▸ EXERCISE REQUIREMENTS
Skip pictures in the listing below; copy exactly the lines from the one with "天津日报:http://ep" through the one with "Description Biologischen Zentralblatt, Vol.", inclusive.

** DATA TO USE follows **

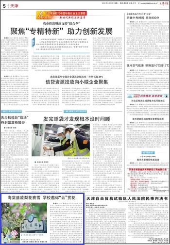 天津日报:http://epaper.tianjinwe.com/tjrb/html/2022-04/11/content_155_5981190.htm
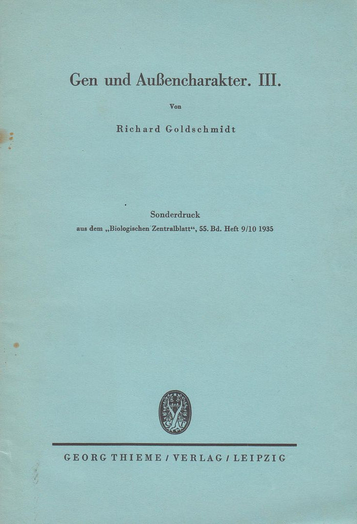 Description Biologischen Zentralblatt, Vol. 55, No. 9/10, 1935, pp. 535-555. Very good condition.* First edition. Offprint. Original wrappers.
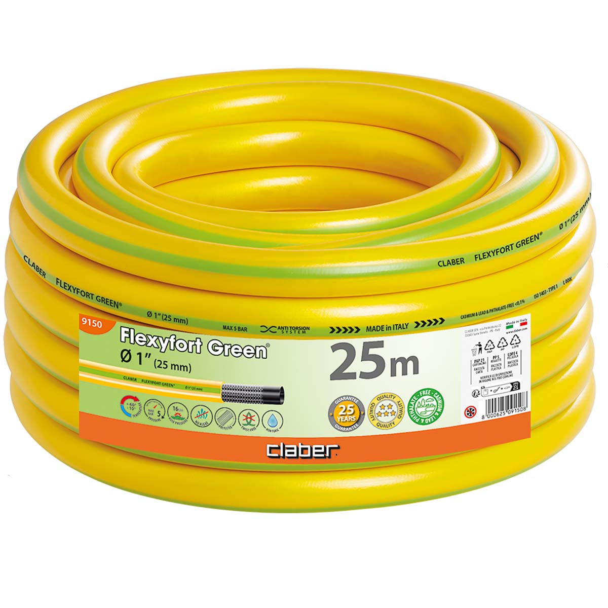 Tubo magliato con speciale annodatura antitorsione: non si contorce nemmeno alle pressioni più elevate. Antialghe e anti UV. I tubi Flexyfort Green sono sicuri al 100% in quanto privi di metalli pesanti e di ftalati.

** End of DATA TO USE **
** DATA TO USE follows **

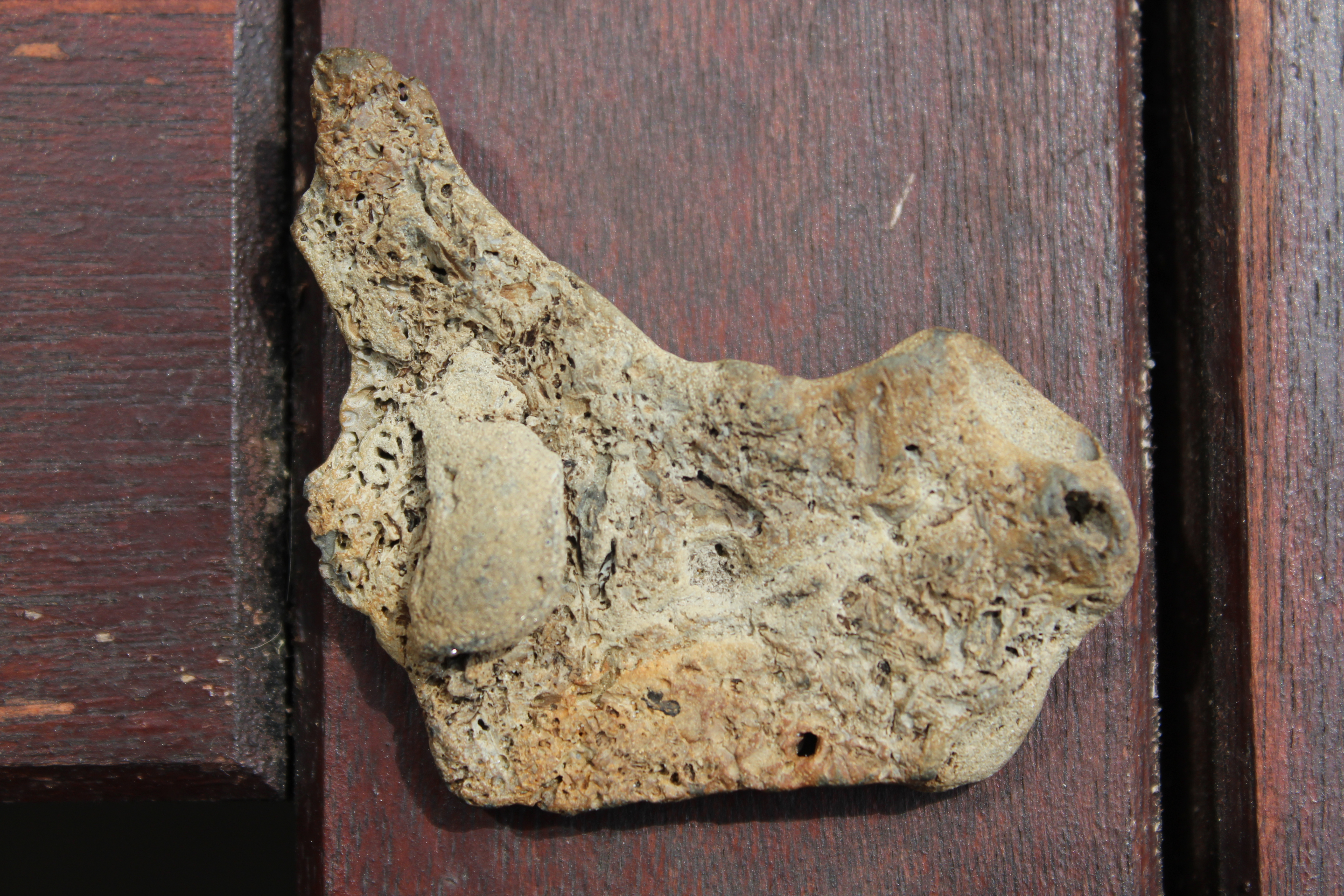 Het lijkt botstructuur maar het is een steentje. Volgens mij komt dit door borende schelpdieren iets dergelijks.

** End of DATA TO USE **
** DATA TO USE follows **

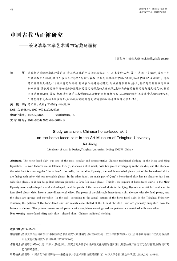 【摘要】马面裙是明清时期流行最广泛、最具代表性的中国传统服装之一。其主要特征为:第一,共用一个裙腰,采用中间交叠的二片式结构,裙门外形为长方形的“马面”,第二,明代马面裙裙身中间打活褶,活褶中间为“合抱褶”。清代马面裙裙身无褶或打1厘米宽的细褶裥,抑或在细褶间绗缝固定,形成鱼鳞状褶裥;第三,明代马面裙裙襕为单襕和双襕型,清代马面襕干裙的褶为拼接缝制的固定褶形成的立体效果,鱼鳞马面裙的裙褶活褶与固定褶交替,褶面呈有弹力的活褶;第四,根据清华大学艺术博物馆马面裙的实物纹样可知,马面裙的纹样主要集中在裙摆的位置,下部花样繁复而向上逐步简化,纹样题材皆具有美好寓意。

** End of DATA TO USE **

▸ YOUR RESPONSE
 天津日报:http://epaper.tianjinwe.com/tjrb/html/2022-04/11/content_155_5981190.htm
 Description Biologischen Zentralblatt, Vol. 55, No. 9/10, 1935, pp. 535-555. Very good condition.* First edition. Offprint. Original wrappers.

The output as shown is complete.